After having identified localized regional differences across treatments, we asked whether the network structure differs at intermediate scales (mesoscales) between treatments. This kind of deviation would signal that different information integration and elaboration strategies are used for different tasks. To this aim, we detected the modular structure of functional networks for each treatment using state of the art community detection techniques (see Fig. 3d for the results of the community detection, and Methods for the robustness analysis). The first question that we can ask is whether the modular structure differs across treatments. For example, the two control (C) treatments are characterized by a slightly larger number of communities⁵, with respect to the learning (L) treatments⁴. It is more informative however to investigate to what degree the various communities are tightly linked within themselves with respect to each other. To quantitatively characterize the differences among partitions, we measured the ratio r (see Methods) of the total edge weight within a community to the total weight the edges between communities. If r ≥ 1, it means that communities are denser than the inter-community medium, suggesting stronger segregation of activity within the communities as opposed to the across them. We find that the treatment asocial control (AC) has the highest r (r = 2.45), followed by the social learning (SL) (r = 1.92), and the asocial learning (AL) (r=1.75) treatments, highlighting the presence of better defined communities and tighter segregation of the functional activity within them in these treatments (Fig. 3d). In contrast, the social control (SC) treatment displays a lower r value (r = 1.2), indicative of higher integration across communities rather than segregation within them (Fig. 3d).

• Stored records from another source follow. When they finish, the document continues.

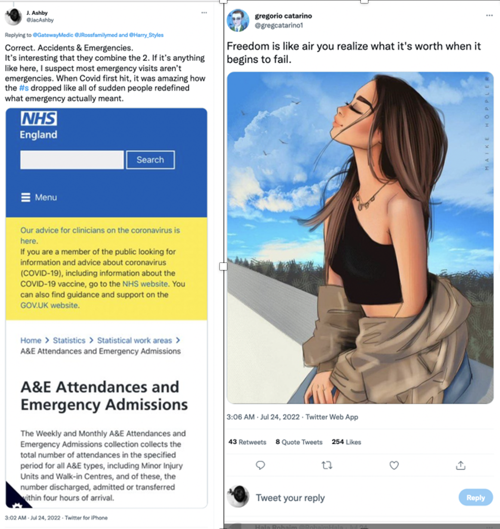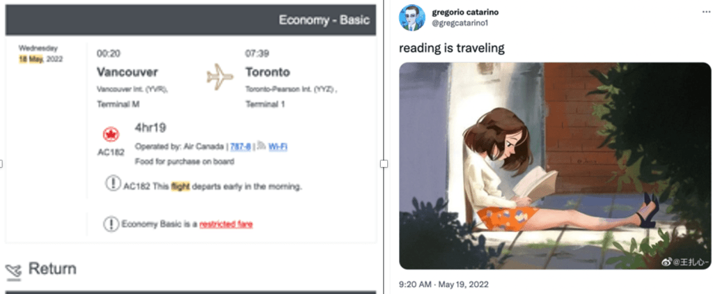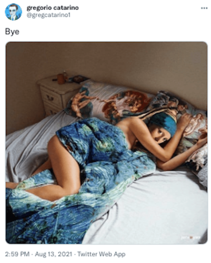 On July 24, 2022, at 3:02 AM, I stepped outside onto my back patio because I was coughing. To timestamp the moment and see if there would be a response, I posted a tweet of my own. At 3:06 AM—just four minutes later—the @gregcatarino1 account posted an image of a young woman resembling me outdoors with her eyes closed, captioned, “Freedom is like air you realize what it’s worth when it begins to fail.”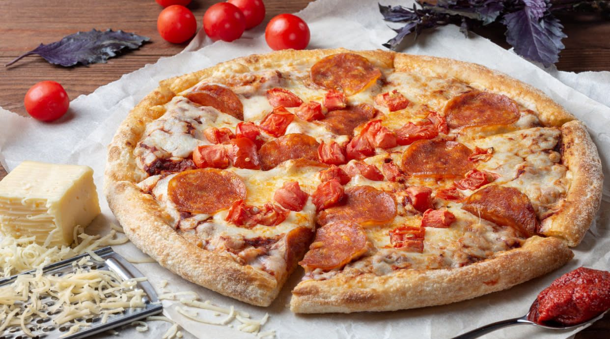 Tomate natural, mozzarella, jamón jork, salami, champiñones y aceitunas negras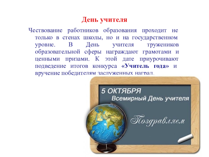 ЮНЕСКО в 1994 году. И с того времени 5 октября во многих странах отмечается национальный День учителя.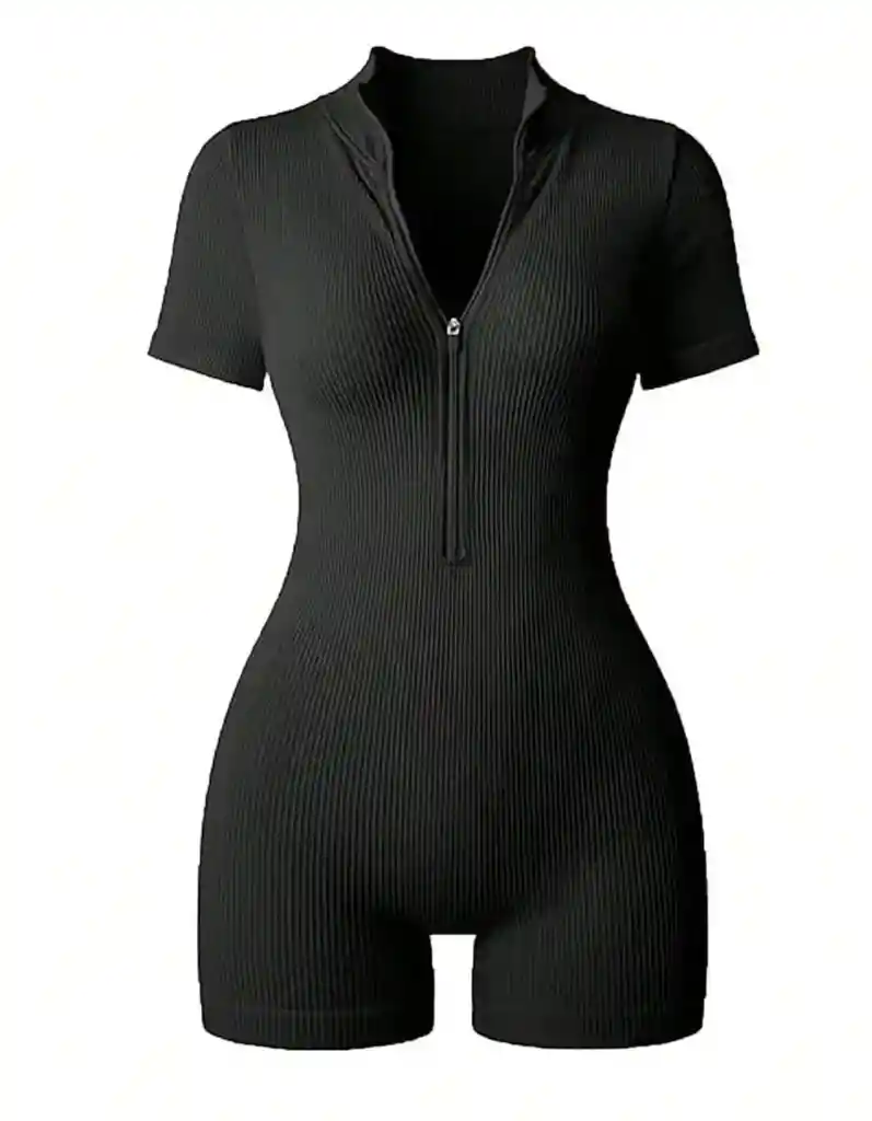 Enterizo deportivo dama, material acanalado ligero, color negro, talla M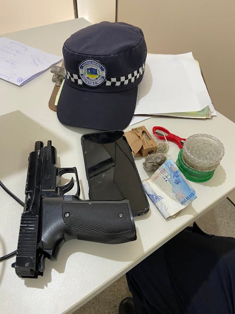 A Guarda Civil Municipal de Jacobina apreendeu, na tarde de domingo, 9 de novembro de 2025, pequenas porções de droga e um simulacro de arma de fogo durante uma ação no Parque da Macaqueira. A ocorrência foi registrada por volta das 14h30, após denúncia de frequentadores do local. De acordo com informações da corporação, os agentes foram informados sobre um homem que estaria ameaçando pessoas e exibindo o que aparentava ser uma arma. Ao chegar ao local, a equipe identificou o suspeito como Rafael Portugal dos Santos Lima, que tentou fugir ao perceber a aproximação dos guardas, mas foi imobilizado. Durante a revista, os agentes encontraram em uma bolsa tipo necessaire várias trouxinhas de substância semelhante à maconha, R$ 10 em espécie, uma tesoura dobrável, um rolo de papel, um celular Xiaomi Redmi Note 9 Pro e um simulacro de pistola. Rafael e o material apreendido foram encaminhados à Delegacia de Polícia Civil de Jacobina, onde o caso foi registrado pelo delegado de plantão. Segundo a Guarda Civil, a ação integra o trabalho de patrulhamento preventivo no parque, com foco em coibir o tráfico e aumentar a segurança de frequentadores. Fonte: Célio Notícias/GCM Jacobina

In addition to the overall balance between integration and segregation, we can ask whether these functional communities—or parts of them—are conserved across different treatments. We did this by comparing communities between partitions corresponding to different treatments and looking for intersections between them (see Methods). We first compared the two control treatments (AC and SC). We found two conserved submodules (intersections of communities): one comprising Vd_l, Dc_l, Vv_l, Dil_l, A_l, Vc_r, Dm_l, Vd_r, Dm_r (green module in Fig. 3e), and a second one containing Vl_r, Hd_l, PGZ_l, VM_r, PGZ_r, PM_l, Hv_r, Hv_l, Hd_r (purple module in Fig. 3e). Interestingly, this second submodule appears with some modifications also when comparing the social and the learning treatments (SC, SL and AL, SL). Thus, we considered it to represent a visual response module. Then, we compared the two social treatments (SC and SL) to detect conserved submodules involved in social information processing. In this case, we found a single large, conserved submodule, containing the regions VL_r, Vl_r, ATN_r, VL_l, Hd_l, PGZ_l, VM_r, PGZ_r, Hv_r, DTN_r, Hv_l, and Hd_r. Note that this module contains a large part of the second module conserved between the control treatments (AC and SC), with the addition of regions VL_r, ATN_r, VL_l and DTN_r (i.e. social integration module = orange module in Fig. 3e, f). Finally, we compared the two learning treatments (AL and SL) to detect conserved submodules involved in general learning (i.e. retrieval of learned response in both social and asocial learning) and found a single large, conserved submodule containing regions VL_l, GC_l, PGZ_l, LH_l, Hd_l, PGZ_r, CM_l, Hv_r, LH_r, Hv_l, and ATN_l. Note again that this submodule contains a large fraction of the second module found in the comparison between controls (AC-SC), with the additional regions GC_l, LH_l, CM_l, LH_r, and ATN_l (i.e. general learning module = blue module in Fig. 3e, f). In all cases, we found that the conserved submodules include region VL_l.

Discussion

In this study zebrafish learned equally well a CS-US pairing using either social or an asocial CS, as there were no significant differences between the social and asocial learning treatments nor in learning acquisition during training phase neither in retrieval during the probe test. Importantly, we confirmed that zebrafish were able to discriminate between the social and asocial cues (i.e. CSs) used in this study and, as previously described, that they have a preference for the social cue³⁴. Therefore, social and asocial classic associative learning seem to be equally efficient.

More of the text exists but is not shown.